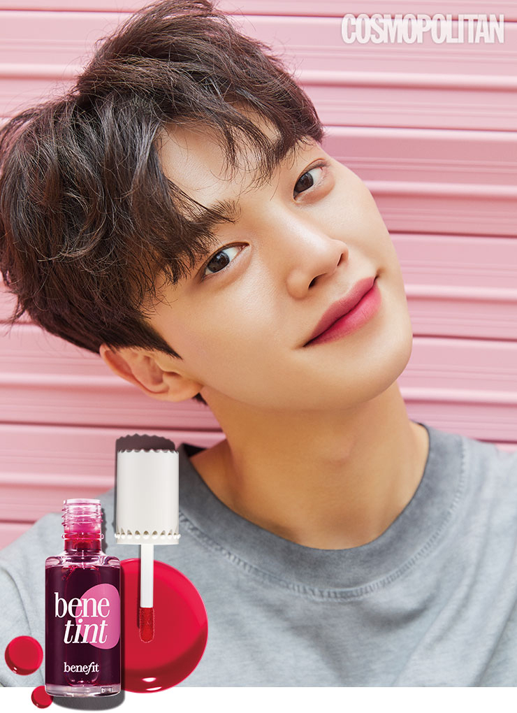 클래식 이즈 영원~. 출시된 지 무려 45년이 된 베네틴트는 엷은 장밋빛으로 입술을 물들이되 타투처럼 오랜 시간 발색이 지속돼 여전히 마니아들에게 사랑받는 중! 물처럼 가벼운 립 텍스처를 입술 전체에 얇게 여러 번 레이어링해주면 컬러가 입술에 자연스럽게 스며든다. 입술 표면을 매끈하게 연출해주는 마무리감은 송강의 도톰한 입술을 돋보이게 한다.
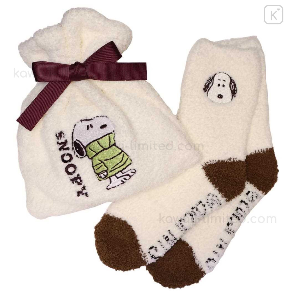 Japan Peanuts Warm Socks & Drawstring Bag - Snoopy : Beige Brown
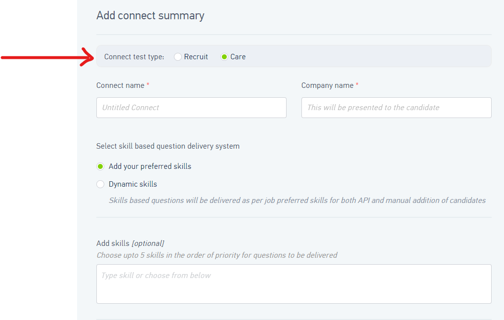 - Care : Opting for "Care" as the connect type is suitable when creating a connect not tied to a specific job role, allowing flexibility as the job title and work experience range fields are not obligatory. This choice is ideal for more general or non-job-specific interactions.As shown in image below.
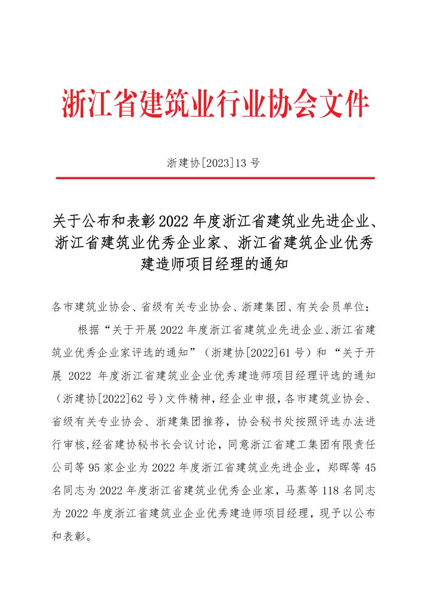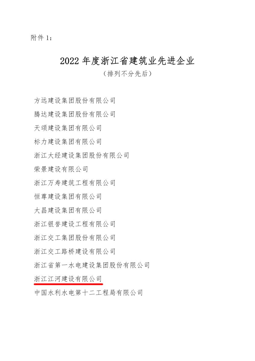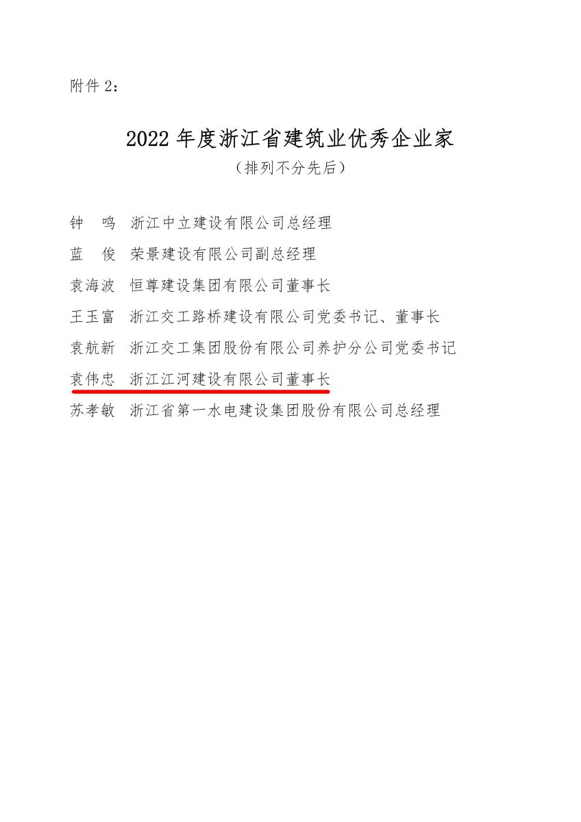 近日,浙江省建筑業行業協會發布2022年度浙江省建筑業先進企業榜單,公司蟬聯“2022年度浙江省建筑業先進企業”稱號,董事長袁偉忠被授予“2022年度浙江省建筑業優秀企業家”榮譽。

◇ ◇ ◇

* [WORK INSTRUCTIONS]
Your output should be only the lines from the line with "- Care : Opting" through the end of the data, exactly as they stand, and no pictures.

* [EXERCISE SOLUTION]
 - Care : Opting for "Care" as the connect type is suitable when creating a connect not tied to a specific job role, allowing flexibility as the job title and work experience range fields are not obligatory. This choice is ideal for more general or non-job-specific interactions.As shown in image below.
 近日,浙江省建筑業行業協會發布2022年度浙江省建筑業先進企業榜單,公司蟬聯“2022年度浙江省建筑業先進企業”稱號,董事長袁偉忠被授予“2022年度浙江省建筑業優秀企業家”榮譽。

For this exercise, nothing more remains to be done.